I keep coming back to this photo. It’s a Hero Shot, no doubt.
But it is irreparable. A really good shot of a really good shot, ruined.
I have taken all kinds of photos where the forgiving depth of the RAW file combined with the ever evolving tools of Lightroom have allowed me to pull a usable image from the burning wreckage of an underexposed image shot at an astronomical ISO. But in this case there is no getting the ball, or the shooter’s hand, back in the frame.
I just blew it.
The bitterness of my despair is compounded by the realization—every time I look at the photo—that the only thing needed to have done to fix it was to turn the camera 90.° That’s right, turn the camera the long way and I am good. Cover of Sports Illustrated (or a couple dozen Instagram likes anyway).
The basket counted. It was part of a great comeback run by the team in white, the home town Brunswick Dragons. The team in green, from Oxford Hills, ended the season as the AA State champion and had built what seemed like a comfortable double digit lead until this fourth quarter run. The women in green, defending this drive, are Sierra Carson, a finalist for the Maine Ms. Maine Basketball, and her teammate, a Maine McDonald’s All-State Player, Molly Corbett. The woman going to the hoop like Bob Cousy is Brunswick’s Kelsie Carlton who has been ripping down her own fair share of post season accolades.
So it has the makings of a great story too—Bird slicing through Magic and Kareem. Like Bird, Carlton took her free throws right handed but showed no hesitance to go to the left hand when needed.
But I blew it. I cut off her left hand
In my defense, I had never shot basketball before; the playing surface is small compared to other sports I shoot. There is not a lot of time to predict next moves. To top it off I’ve never played basketball—I’ve got no forty year old muscle memory or instinct to tell me what happens next.
Still, I cut off the shooter’s hand, the ball, and the hoop. That is unforgivable.
My team had been down by double digits and entered the fourth quarter down by eight. With this drive they were in the midst of ten point run that would bring them to within a point.
Maybe I let my inner fan get the better of me and just blindly hammered the shutter release.
And I was just too close to the action. It’s a high school gym in Maine after all. Probably no more than ten feet separate the baseline from the wall my spine was pressed against. With my 70-200 lens opened up to 70 in order to get as wide a field of view as possible, I just could not get anything more in the frame.
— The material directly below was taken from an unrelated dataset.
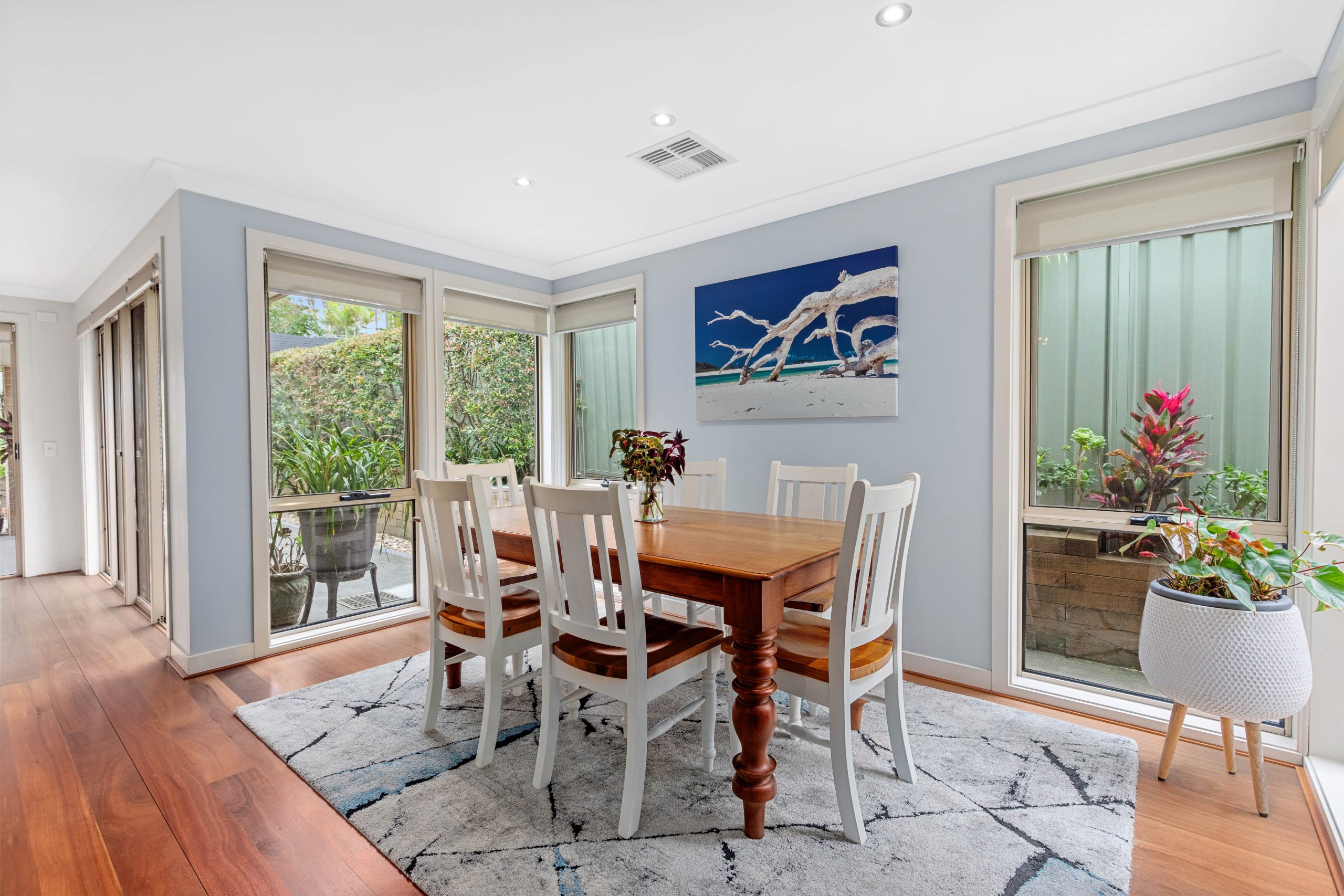 • Open plan living and dining domain adorned with timber flooring and framed by floor-to-ceiling corner windows that captures the northern sun while connecting to the outdoor entertaining areas

Unless, I had turned the camera 90.°
This wasn’t exactly David versus Goliath because the Brunswick Girls were very good too. While Oxford Hills was running the table in Class AA North, Brunswick was powering its way through Class A South and headed for its own State Title game, but the Dragons were the underdogs. Oxford Hills is a bigger school in the biggest classification and has a string of State Championships to its credit.
And then there were the teeth on the floor.
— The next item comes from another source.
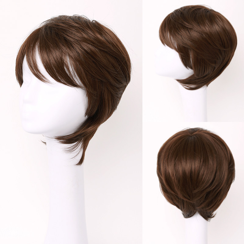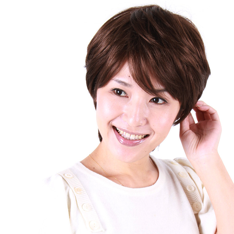 Private meta-gas S14C9 mid-aged lady high temperature silk wig linen slanted slanted sea short curly hair Popo head wig
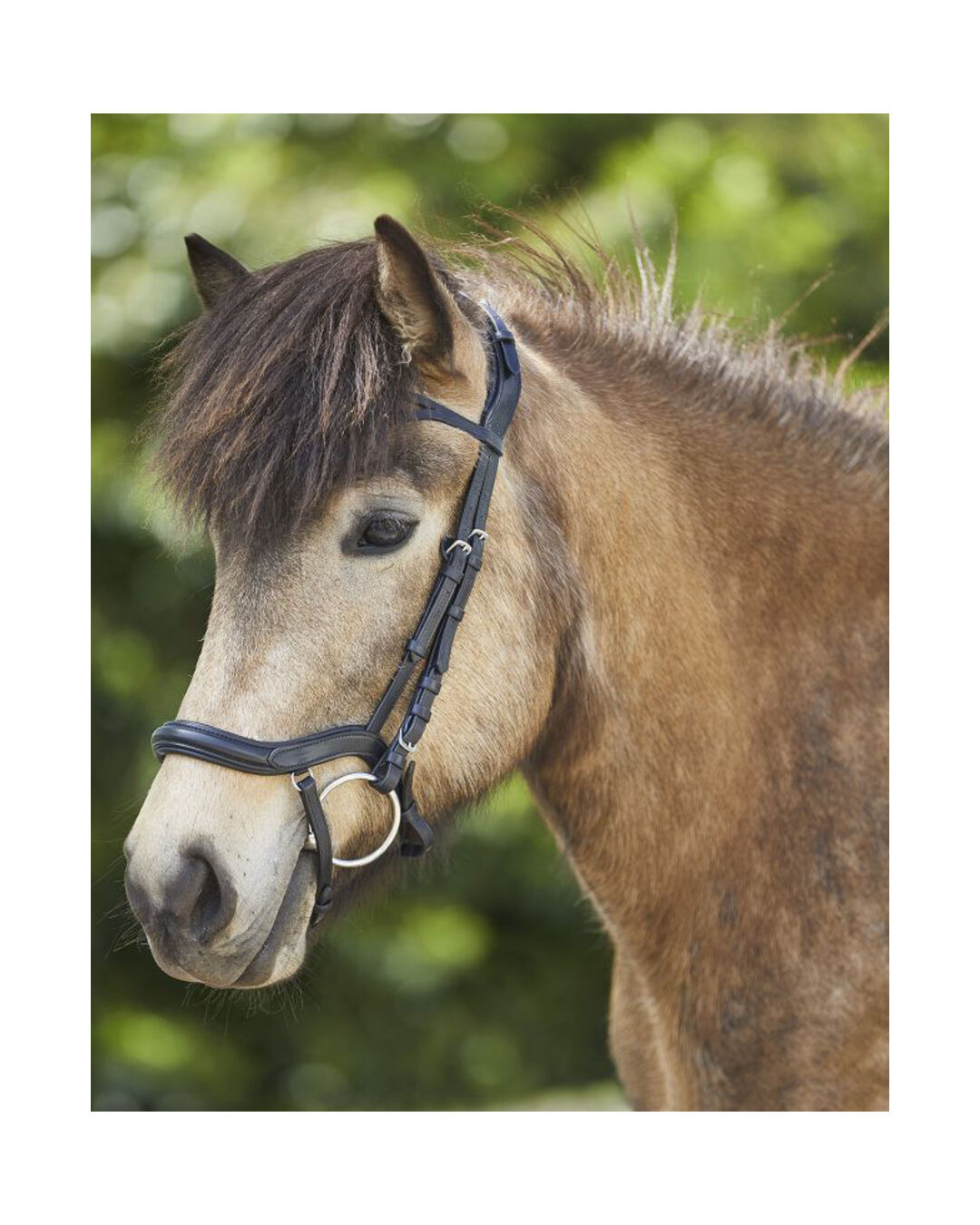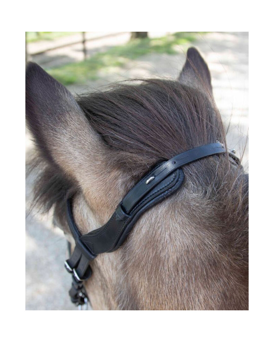 Diese Trense zeichnet sich durch ihr geteiltes Genickstück aus, das den Druck auf das Nackenband deines Isländers reduziert und so für mehr Wohlbefinden sorgt. Die anatomische Gestaltung des Reithalfters gewährleistet mehr Freiheit im Bereich des Jochbeins und des Mauls. Sowohl der Nasenriemen als auch das Genickstück sind weich gepolstert, um maximalen Komfort zu bieten.

Late in the first half, Carlton, the woman driving to the hoop, a team leader, got dumped to the floor, face first. You could hear the thud, and the recoil was excruciating, the exemplar of a face plant. As the visiting team made way and the staff did their thing, you could see them looking around the floor to retrieve something small. A contact lens, I assumed as something was handed to the Carlton’’s mother. As the injured player was guided to the locker room by the trainer, her shirt bloodied, a big wad of gauze pressed above her eye, it was plain there had been teeth on the floor. “That’s it” everyone figured, Brunswick is done for the day.
But she was back in the second half, cleaned up and bandaged, like Kirk Gibson stepping into the batter’s box against The Eck in the 1988 World Series. So it really would have been a hero shot.
And I missed the shot……that shot along with a couple more
I did manage to get a handful of other good photos from this game, and during the team’s run through the regional championships along with a bittersweet collection from their runner-up finish in the State Title game.